I have previously written that a strong euro is not beneficial for Europe, just as a strong dollar is not beneficial for America. Both economies are export-oriented, and the higher the currency value, the lower the demand abroad. Additionally, Europe and the US find it increasingly difficult to compete with China. While China used to be notorious for cheap consumer goods, its primary advantage being price, it now produces many quality goods that are significantly cheaper than their American and European counterparts.
Consequently, the higher the euro, the lower the demand for European goods, even within the Eurozone itself. Europeans are not foolish. Why buy a mug for 20 euros made in Germany when a similar mug in China costs at most 1 euro? Brussels is doing its utmost to combat such disregard for domestic production by imposing various tariffs, sanctions, and taxes on foreign goods. This is done "to support European business and manufacturing." However, in my view, this is a very poor way to stimulate consumers to buy local products.
Europe cannot provide its population with affordable goods, whereas China can. The US cannot provide its citizens with affordable goods, but China can. Even Donald Trump could not completely halt the flow of goods from China. That is why the leader of the White House is striving to ensure that American citizens pay as much for Chinese goods as they do for American ones. Remember, Americans, not China, pay all trade tariffs. If necessary, China will find other markets for its products. It is worth noting that China's exports set a new record in 2025, despite the trade war with the US.
Based on the conducted analysis of EUR/USD, I conclude that the instrument continues to build an upward segment of the trend. Donald Trump's policies and the Fed's monetary policy remain significant factors in the long-term decline of the American currency. The targets for the current trend segment may extend up to the 25-figure. At this moment, I believe that the global wave 4 has completed its formation, so I expect further increases in quotes. However, I anticipate a downward wave in the near term, as the series of waves a-b-c-d-e also appears to be complete. In the near future, my readers can search for benchmarks for new purchases.

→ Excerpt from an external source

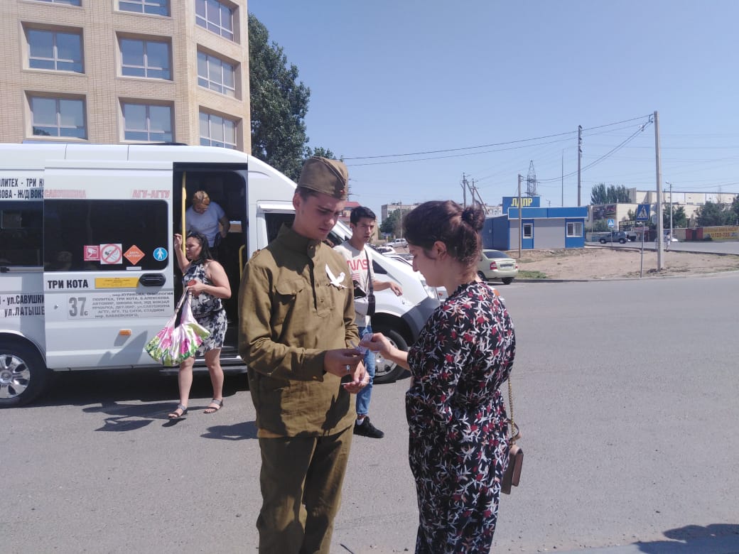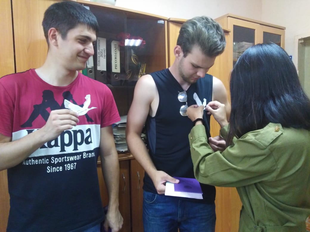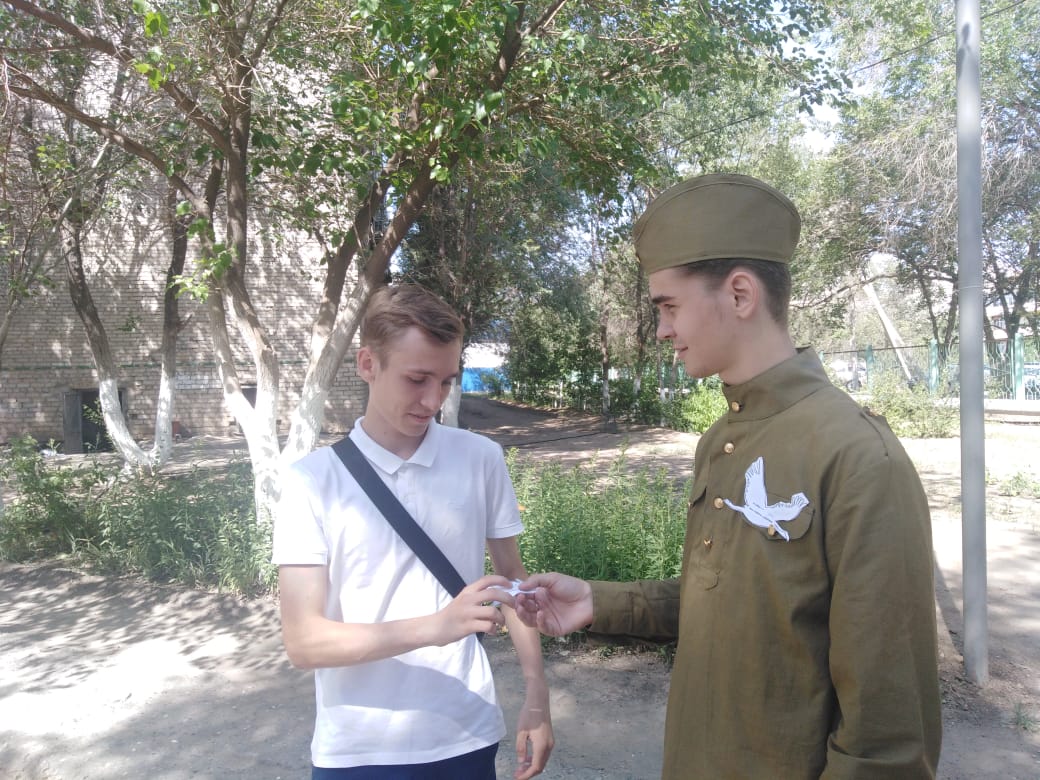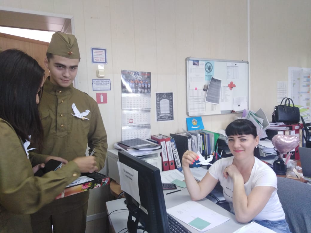 Студенты-дизайнеры изготовили символ Акции – белых журавлей, а волонтеры в военной форме подарили их всем желающим.

The wave picture of the GBP/USD instrument is quite clear. The five-wave upward structure has completed its formation, but the global wave 5 may take on much more extended forms. I believe that a corrective set of waves may be observed in the near future, after which the upward trend construction will resume. Therefore, in the coming weeks, I can advise looking for opportunities for new purchases. In my opinion, under Donald Trump, the British pound has every chance to be valued at 1.45-1.50 USD. Trump himself supports the decline of the dollar. All of his actions have a double positive effect: the decrease of the dollar and the resolution of internal, external, trade, and geopolitical issues.